In United States v. Four Seasons Earthworks, 10 OCAHO No. 1150 (2012), Four Seasons was charged with 19 violations of IRCA for its failure to ensure the completion of Section 1 and failed to complete Section 2 and 3. Four Seasons, a family-owned building contractor, based in Wilmington, North Carolina, was audited by Immigration and Customs Enforcement (ICE) in November 2009. Interestingly, ICE only requested the I-9s of the 22 current employees and 21 former employees, whose employment ended after January 1, 1999. Normally, ICE goes back at least two years for terminated employees.


The violations concerned its failure to ensure completion of Section 1 and/or failure to properly complete Section 2 or 3. Essentially, Four Seasons only entered data in List B even though IRCA requires you to complete both List B and C or List A. Four Seasons argued the above violations were technical, not substantive, because the I-9s provided the social security numbers in Section 1 and the employees' personnel files contained social security cards and birth certificates - both List C
documents.

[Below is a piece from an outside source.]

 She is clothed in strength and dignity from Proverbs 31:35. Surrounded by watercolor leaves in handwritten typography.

Furthermore, Four Seasons produced some of these documents for ICE after the initial audit.


OCAHO dismissed Four Season's arguments as contrary to established law, citing 8 C.F.R. section 274a2(b)(3) which states: "the copying or electronic image (of identity documents) does not relieve the employer from the requirement to fully complete section 2 of the form I-9." Furthermore, OCAHO stated that Four Seasons late production of copies of supporting documents does not excuse the company's failure to enter the necessary information on the I-9. It would not even have excused Four Seasons' violations even if timely produced.

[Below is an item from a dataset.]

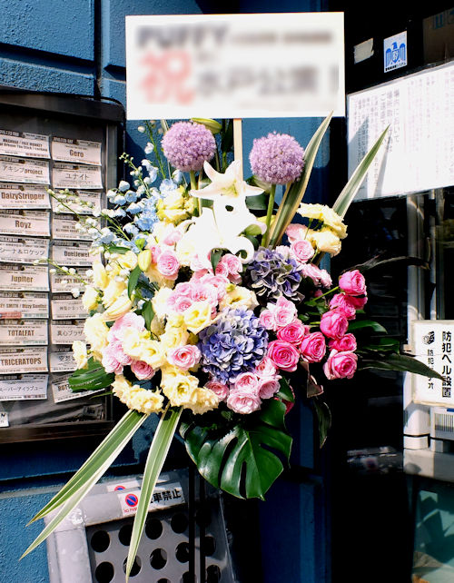 本日お隣のライトハウスさんへお届けの御祝スタンド花1段です。

Concerning the fine, the range is from $110 to $1,100 per violations. Thus, based on 19 violations, the range is from $2,090 to $20,900. ICE determined there were 19 violations which was divided by 43 - the total number of employees/former employees, equaling about 44%. According to ICE's grid, a percentage between 40 and 49% equals a base fine of $770 per violation.

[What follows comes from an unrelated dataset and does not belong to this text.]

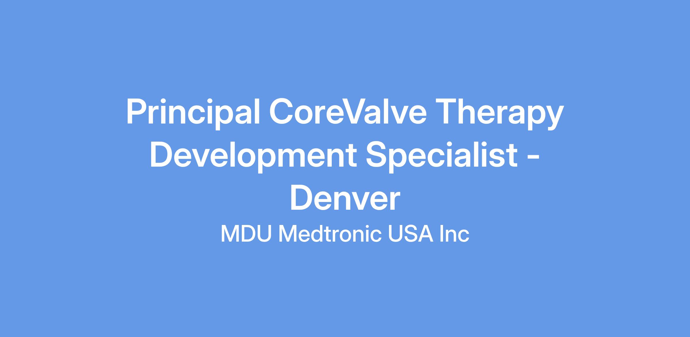 The CoreValve Principal Therapy Development Specialist (TDS) provides technical, clinical, educational and sales support to ensure safe adoption and growth of the Medtronic CoreValve System and future catheter-based therapy technologies. The CoreValve Therapy Development Specialist works closely with implanting teams and the Medtronic Catheter-Based Therapies (CBT) and CVG field organizations to drive procedural and practice success.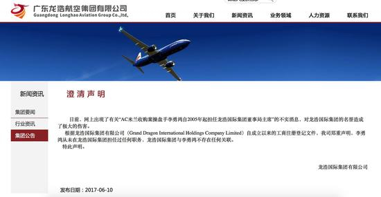 日前,网上出现了有关“AC米兰收购案操盘手李勇鸿自2005年起担任龙浩国际集团董事局主席”的不实消息,对龙浩国际集团的名誉造成了极大的伤害。

After the base fine is determined, the following five factors must be assessed: 1) the size of the business of the employer, 2) the good faith of the employer, 3) the seriousness of the violation(s), 4) whether or not the individuals involved were unauthorized aliens, and 5) any history of previous violations by the employer.  ICE found a 5% aggravation for the seriousness of the violations but did not increase/decrease the base fine on the other four factors. Thus, $770 + $5% = $808.50.


Four Seasons argued it should be treated as a small company, and was entitled to a 5% reduction in the base fine. OCAHO agreed based upon its gross receipts of $1.9 million in 2010 and its current workforce consistently of only 22 employees. OCAHO did not concur with Four Seasons' argument that it should be found to have committed serious violations.       


OCAHO concluded the base fine should be reduced to $500 per violation or a total of $9,500. In so doing, OCAHO found: "Given the downward trend in construction and the subsequent bankruptcy of a separate family-owned company it is reasonably clear that there have been significant financial setbacks for this small company over the last few years. Considering the record as a whole and the statutory factors in particular, the penalties will be adjusted as a matter of discretion to an amount closer to the midrange of permissible penalties.


This decision continues a trend that companies who contest their ICE fines for substantive I-9 violations will have the amount of their fine substantially reduced.